Nowe wątki, dużo zawiłości i brawury – takie będą najnowsze odcinki serialu „Ojciec Matusz”. Ekipa pracuje w Sandomierzu. Efekty będzie można obejrzeć wiosną przyszłego roku.
Jeden z filmowych policjantów Jędrzej Taranek uważa, iż nagrywane teraz odcinki spełnią oczekiwania miłośników tego serialu i to z nadwyżką, ponieważ dużo się będzie działo, będzie śmiesznie, strasznie i wzruszająco. Bartłomiej Firlet, który także jest jednym z serialowych policjantów powiedział, iż widzowie będą mogli zobaczyć m.in. pościgi i to w kilka samochodów.

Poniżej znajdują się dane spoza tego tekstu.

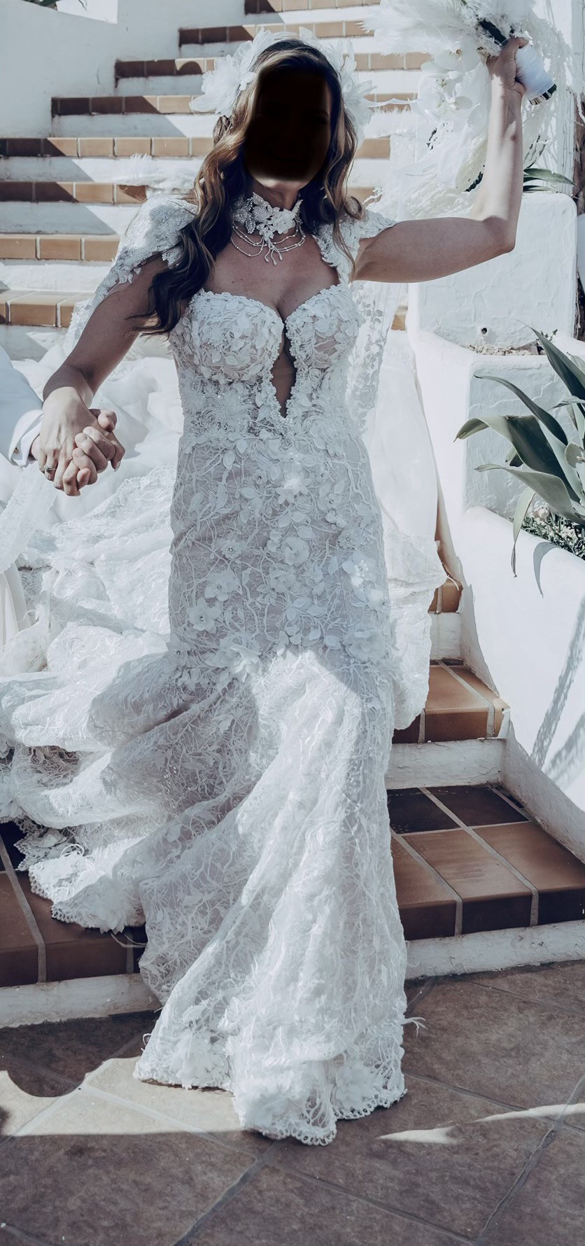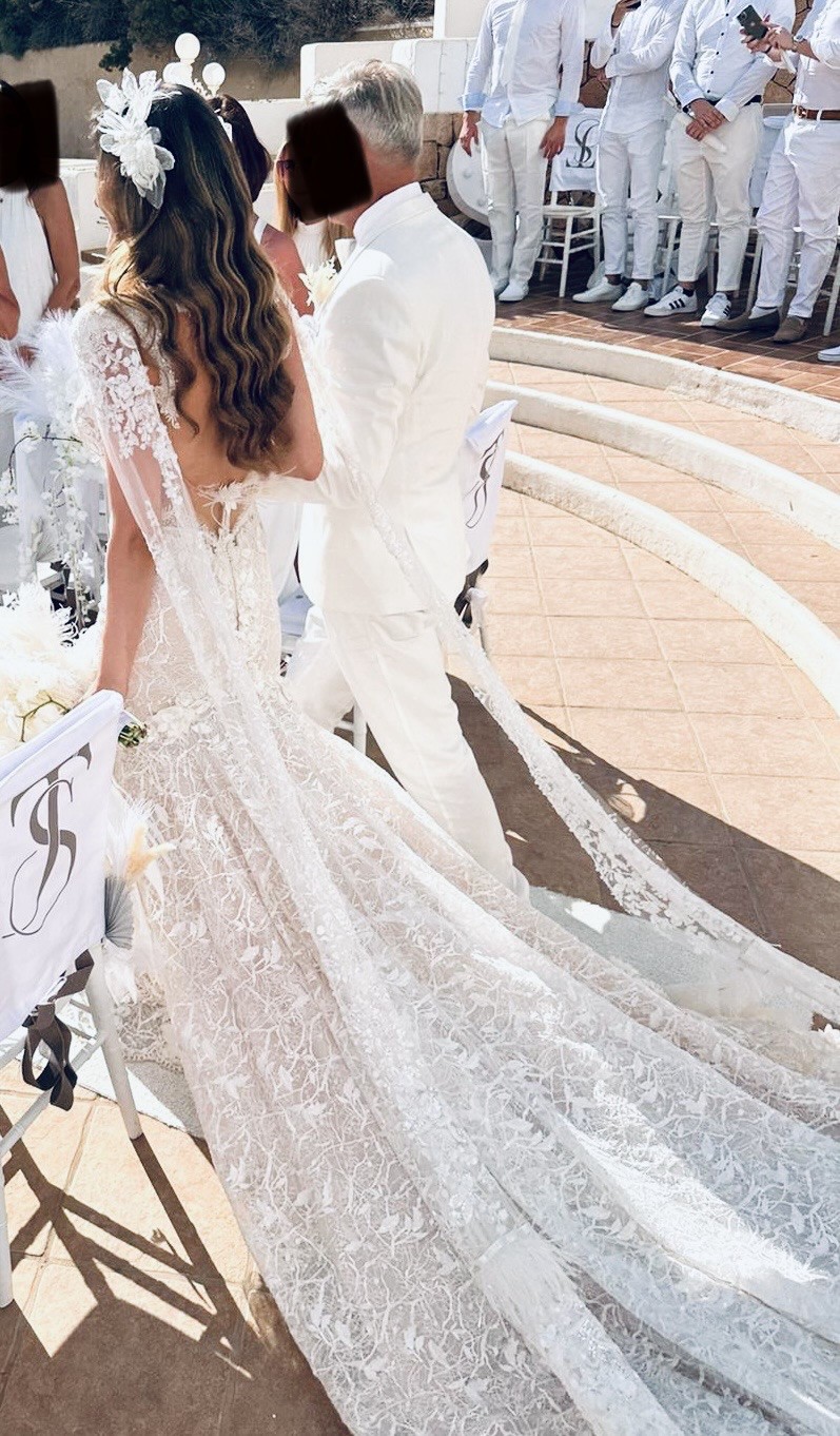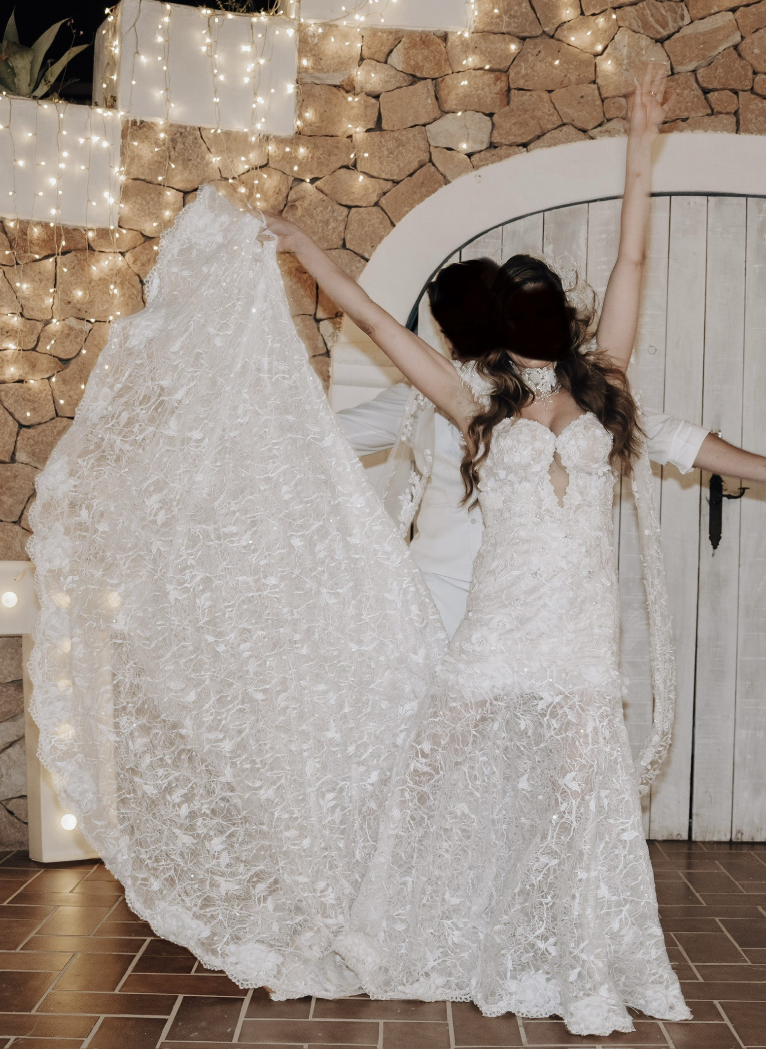 The absolute highlight is the spectacular 3-meter detachable shoulder/arm train adorned with real feathers. It can be shortened to floor length during the evening for comfortable dancing. The underskirt can also be easily removed at the designated seam — transforming the gown into a second look. Without the voluminous ruffled underskirt, the dress becomes a stunning lace design with subtle transparency from mid-thigh down.

– Mieszkańcy Sandomierza, którzy nas obserwowali przy pracy mogli zobaczyć jednego dnia wiele akcji, których byliśmy bohaterami. Pościgi były bardzo brawurowe, choćby w trzy auta – powiedział aktor.
Pracujący w filmowej kurii diecezjalnej ksiądz Jacek, grany przez Piotra Kozłowskiego w jednym z odcinków będzie zmuszony zmierzyć się ze swoją przeszłością. Wszystko za sprawą swojej siostry, granej przez Beatę Deskur, która odwiedzi duchownego w Sandomierzu.
– Serialowa siostra to wyjątkowo wredny charakter, ale ksiądz Jacek też łatwy nie jest – stwierdziła aktorka.
Artur Żmijewski – odtwórca głównej roli podkreślił, iż dla niego miłe są spontaniczne spotkania z publicznością, która przyjeżdża specjalnie, aby obserwować pracę ekipy z różnych stron kraju, a ostatnio zdarzyli się choćby fani z Kanady.
Filmowców można spotkać w różnych miejscach starego miasta np. w samym rynku, w sąsiedztwie zamku, czy katedry. Część ujęć tym razem kręcona była również w podsandomierskiej wiosce Góry Wysokie, w tamtejszej winnicy. Praca nad nowymi odcinkami serialu „Ojciec Mateusz” w Sandomierzu potrwa do piątku (26 września). Ekipa wróci do miasta w listopadzie lub w grudniu.
Serial kręcony jest od 18 lat, emitowany na antenie TVP1.